GIVEN DATA:
● ● ● ● ●

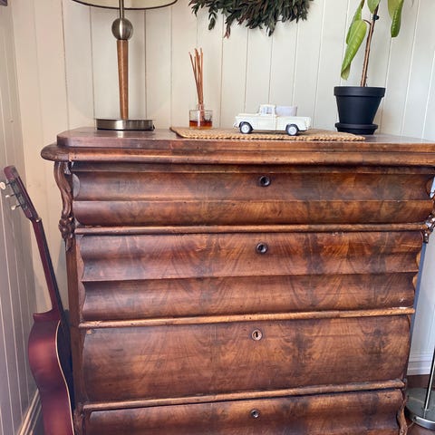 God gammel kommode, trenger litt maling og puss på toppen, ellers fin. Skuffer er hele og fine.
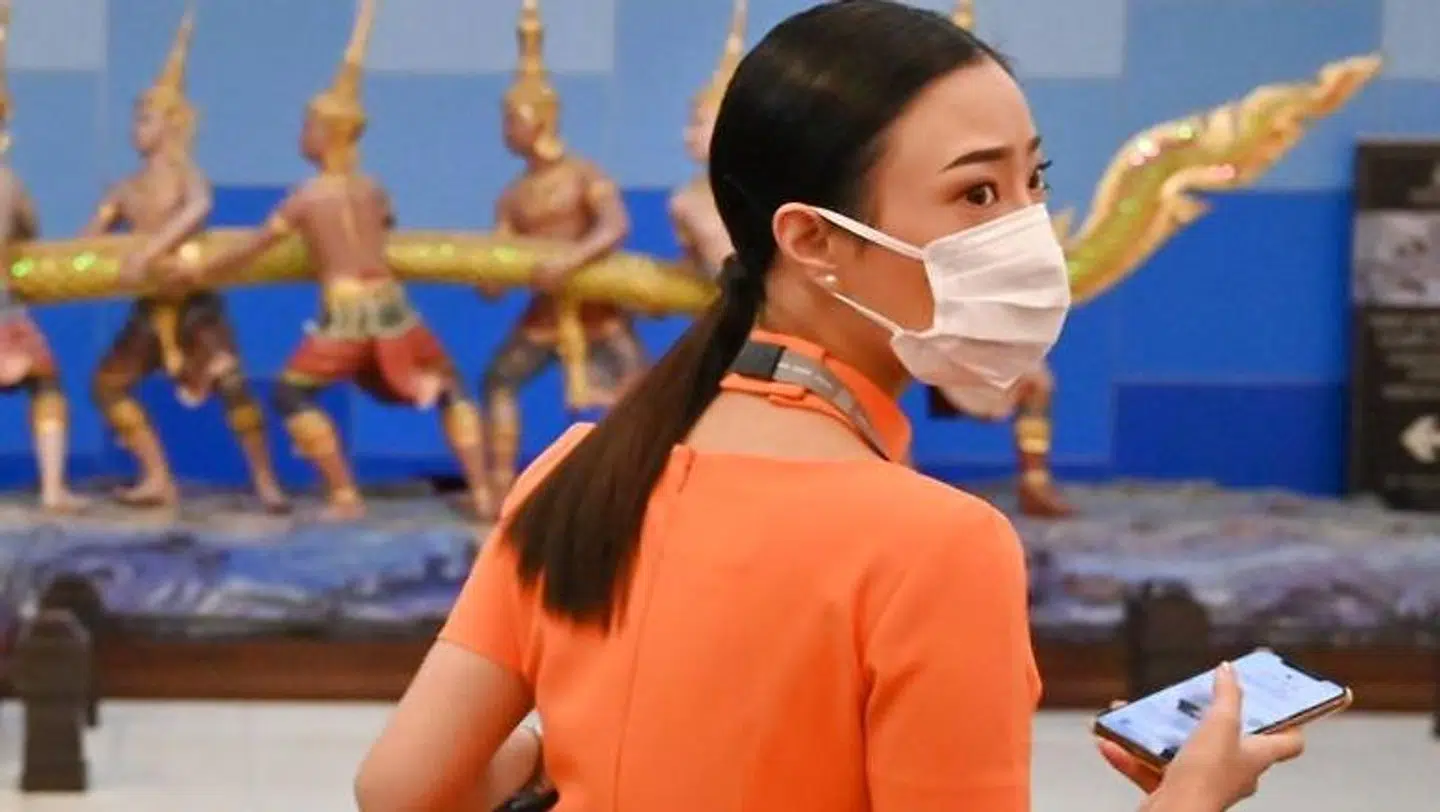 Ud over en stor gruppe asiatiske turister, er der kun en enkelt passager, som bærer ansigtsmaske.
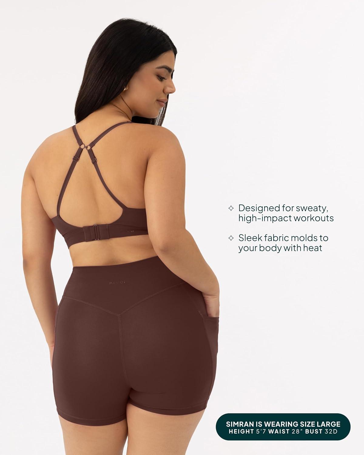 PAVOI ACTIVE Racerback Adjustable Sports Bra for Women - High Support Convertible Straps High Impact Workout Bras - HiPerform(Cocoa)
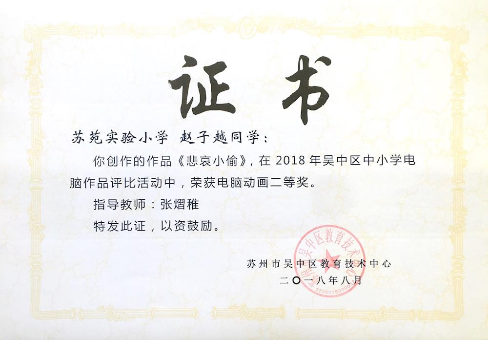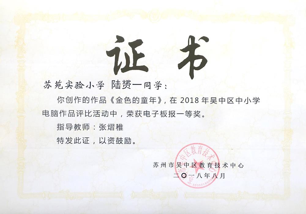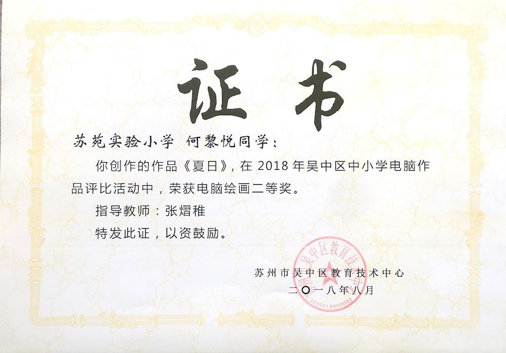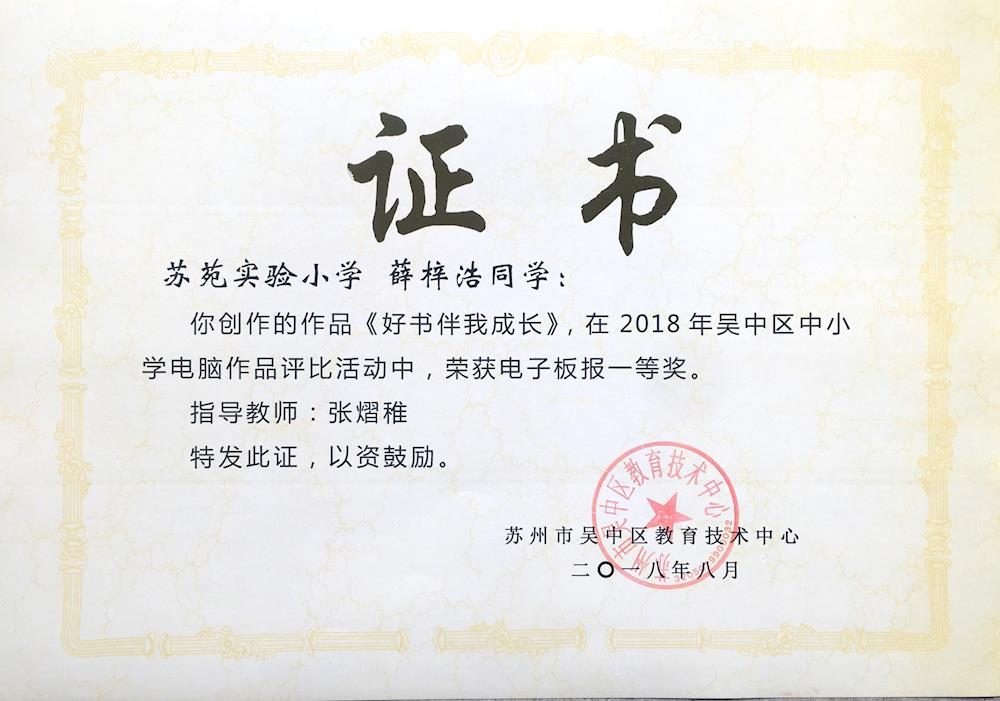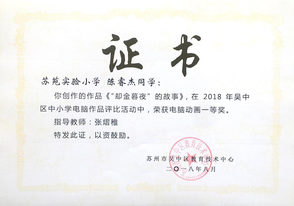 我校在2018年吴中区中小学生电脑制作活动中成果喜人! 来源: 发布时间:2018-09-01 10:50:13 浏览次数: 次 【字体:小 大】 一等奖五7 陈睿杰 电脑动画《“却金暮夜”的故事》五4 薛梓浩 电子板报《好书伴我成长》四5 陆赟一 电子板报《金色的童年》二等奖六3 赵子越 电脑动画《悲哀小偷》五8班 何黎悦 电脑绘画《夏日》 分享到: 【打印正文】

● ● ● ● ●

WHAT IS NEEDED: Copy the material shown above in full and exactly. Skip the pictures.

EXERCISE SOLUTION:
 God gammel kommode, trenger litt maling og puss på toppen, ellers fin. Skuffer er hele og fine.
 Ud over en stor gruppe asiatiske turister, er der kun en enkelt passager, som bærer ansigtsmaske.
 PAVOI ACTIVE Racerback Adjustable Sports Bra for Women - High Support Convertible Straps High Impact Workout Bras - HiPerform(Cocoa)
 我校在2018年吴中区中小学生电脑制作活动中成果喜人! 来源: 发布时间:2018-09-01 10:50:13 浏览次数: 次 【字体:小 大】 一等奖五7 陈睿杰 电脑动画《“却金暮夜”的故事》五4 薛梓浩 电子板报《好书伴我成长》四5 陆赟一 电子板报《金色的童年》二等奖六3 赵子越 电脑动画《悲哀小偷》五8班 何黎悦 电脑绘画《夏日》 分享到: 【打印正文】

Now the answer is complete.